Headlines such as "Air France Jet goes down in the Atlantic," "10 U.S. banks fail stress tests," "Tot kidnapped," "The hunt for Madoff's missing billions continues," etc., have become all too common. After 9/11 and the subsequent avalanche of calamities culminating in the current economic downturn, the worst since the Great Depression, you and I are on the verge of a veritable nervous breakdown. Hardly a day goes by without a major tragedy being reported.

During the past few months, I have seen my share of patients presenting with chest pains, fatigue, shortness of breath or other symptoms related to anxiety and stress. For many, it is not the big bad news in the daily newspapers that are bothersome. What happens in their daily lives is what nibbles them to death.
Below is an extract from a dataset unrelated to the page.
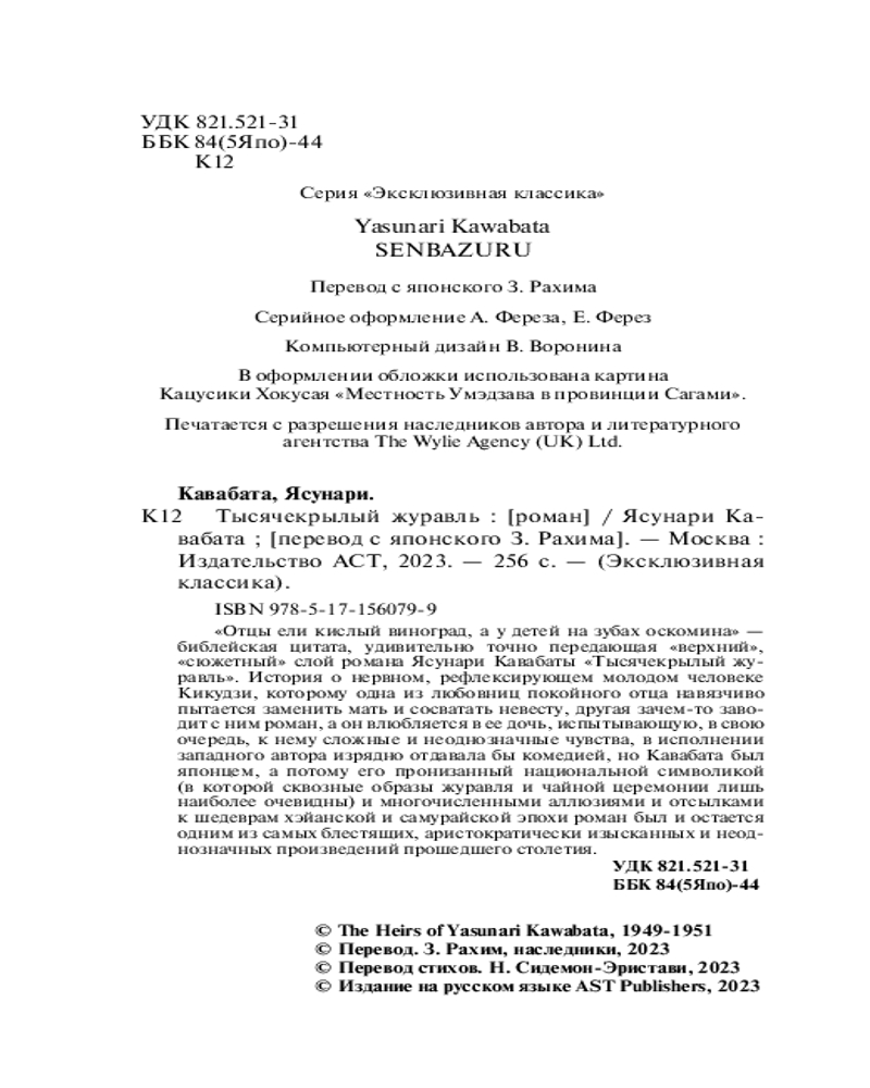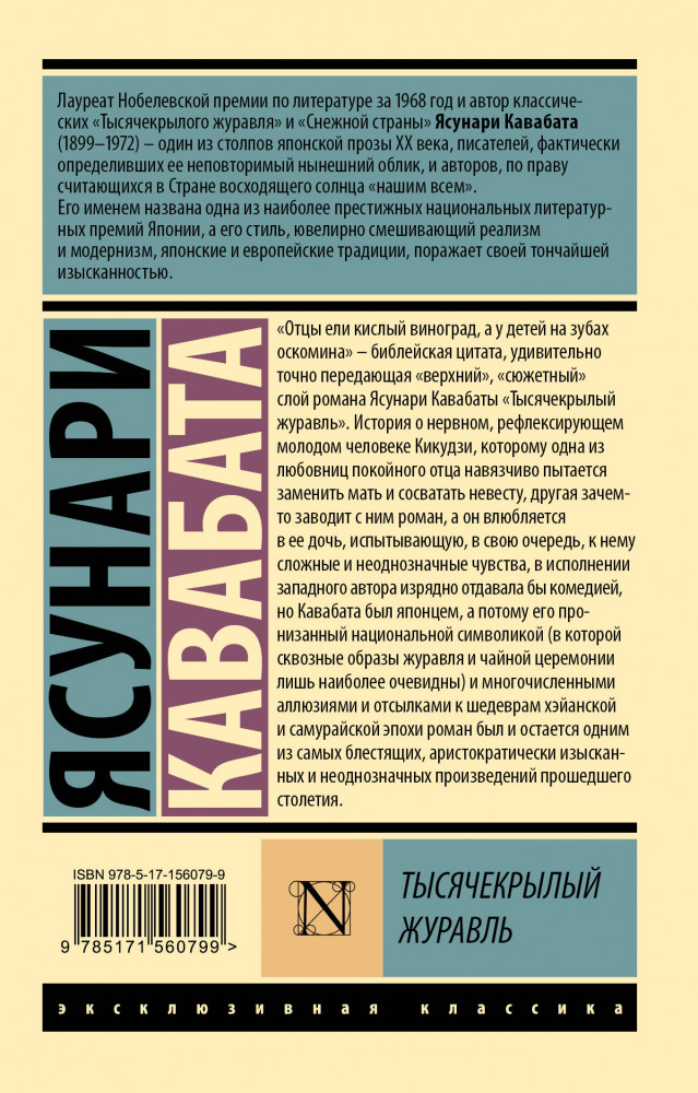 💳 Оплатить за товар можно при получении 🇰🇿 Есть бесплатная доставка по Казахстану от 1 дня 🎁 Копите бонусы с каждой покупки Серия: Эксклюзивная классика «Отцы ели кислый виноград, а у детей на зубах оскомина» — библейская цитата, удивительно точно передающая «верхний», «сюжетный» слой романа Ясунари Кавабаты «Тысячекрылый журавль». |
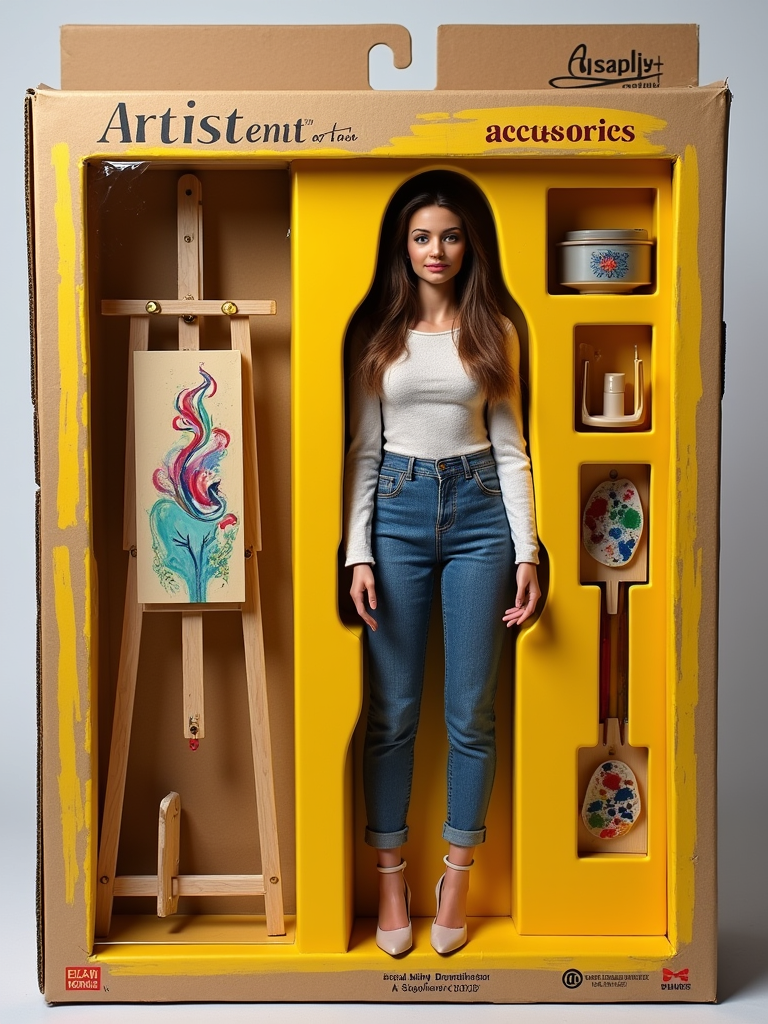 model as an action figure in packaging labeled 'ARTIST SERIES'. Use model as a reference for the face. Model is 6 inches tall and dressed in artistic attire, and holding a paintbrush. The cardboard section should be yellow. Include an 'Accessories' section with items like easel, paint palette, and art supplies. Make the design visually appealing and reflective of artistry. Do not include the character image on packaging.

"I am 63 and I just lost my job, where am I going to get another one?" asked one of my patients.

"I have to do a million things every single day, get my children ready and take them to school, reach my work spot in time, do the grocery shopping and then get the dinner on the table before my husband gets home. There is no end to this daily grind," said a young mother during a casual conversation. Here is a totally stressed-out lady, I told myself.

The story of Dorothy, 75, was truly sad. Her BP was always high when checked in the office and it took me a while to get it under control. One day, she confided in me:

"My home is damaged by our 28-year-old grandson. He has ripped apart toilets, doors, carpets."
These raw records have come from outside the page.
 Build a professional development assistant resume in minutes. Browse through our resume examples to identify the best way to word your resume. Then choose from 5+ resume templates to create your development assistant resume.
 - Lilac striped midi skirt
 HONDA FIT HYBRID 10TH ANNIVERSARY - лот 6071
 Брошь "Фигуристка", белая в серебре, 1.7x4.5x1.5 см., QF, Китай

"Why on earth would he do that?" I asked in utter amazement.

"You know, Dr. Nathan, I am ashamed to say, he is into drugs and gets together with his junkie friends. Whenever we are away, he invades the house and throws wild parties. Finally, I called the police and got him arrested. Now, I am worried what he will do when he gets out of jail." She was literally weeping.
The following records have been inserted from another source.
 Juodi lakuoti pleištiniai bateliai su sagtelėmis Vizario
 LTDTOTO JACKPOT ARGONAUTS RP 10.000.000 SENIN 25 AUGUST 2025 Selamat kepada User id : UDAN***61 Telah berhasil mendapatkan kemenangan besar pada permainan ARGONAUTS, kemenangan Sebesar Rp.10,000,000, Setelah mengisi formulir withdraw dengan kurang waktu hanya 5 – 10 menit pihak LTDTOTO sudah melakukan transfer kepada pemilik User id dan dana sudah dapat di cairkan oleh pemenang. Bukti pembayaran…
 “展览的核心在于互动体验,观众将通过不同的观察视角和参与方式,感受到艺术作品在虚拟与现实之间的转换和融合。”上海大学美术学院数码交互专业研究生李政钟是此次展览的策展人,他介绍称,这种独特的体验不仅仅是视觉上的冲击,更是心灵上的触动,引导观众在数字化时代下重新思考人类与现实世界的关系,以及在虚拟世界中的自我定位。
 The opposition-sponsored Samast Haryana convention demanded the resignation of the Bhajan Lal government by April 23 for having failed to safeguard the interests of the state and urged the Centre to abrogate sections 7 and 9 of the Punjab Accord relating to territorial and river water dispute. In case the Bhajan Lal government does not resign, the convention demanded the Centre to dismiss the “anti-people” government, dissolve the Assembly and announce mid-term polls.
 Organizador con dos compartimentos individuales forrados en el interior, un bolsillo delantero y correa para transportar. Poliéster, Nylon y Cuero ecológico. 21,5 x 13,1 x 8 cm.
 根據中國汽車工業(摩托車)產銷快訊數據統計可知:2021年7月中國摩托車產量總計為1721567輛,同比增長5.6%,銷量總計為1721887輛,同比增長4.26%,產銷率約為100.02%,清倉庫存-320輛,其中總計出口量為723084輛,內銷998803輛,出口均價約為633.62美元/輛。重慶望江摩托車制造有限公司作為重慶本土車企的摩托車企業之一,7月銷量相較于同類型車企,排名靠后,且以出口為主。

In short, stress has become all too pervasive in our lives. In today's go-go society, tension and rage run rampant as people begin to realize that the world has changed for the worst. 'Patience' is in short supply. Even if a particular tragedy reported in the media did not affect you personally, it still makes you jittery and anxious. Then there are the day-to-day irritations to cope with. People are working harder to maintain a decent lifestyle. To some, long hours and loads of work may be the way of life, but to many, this spells rapid burnout.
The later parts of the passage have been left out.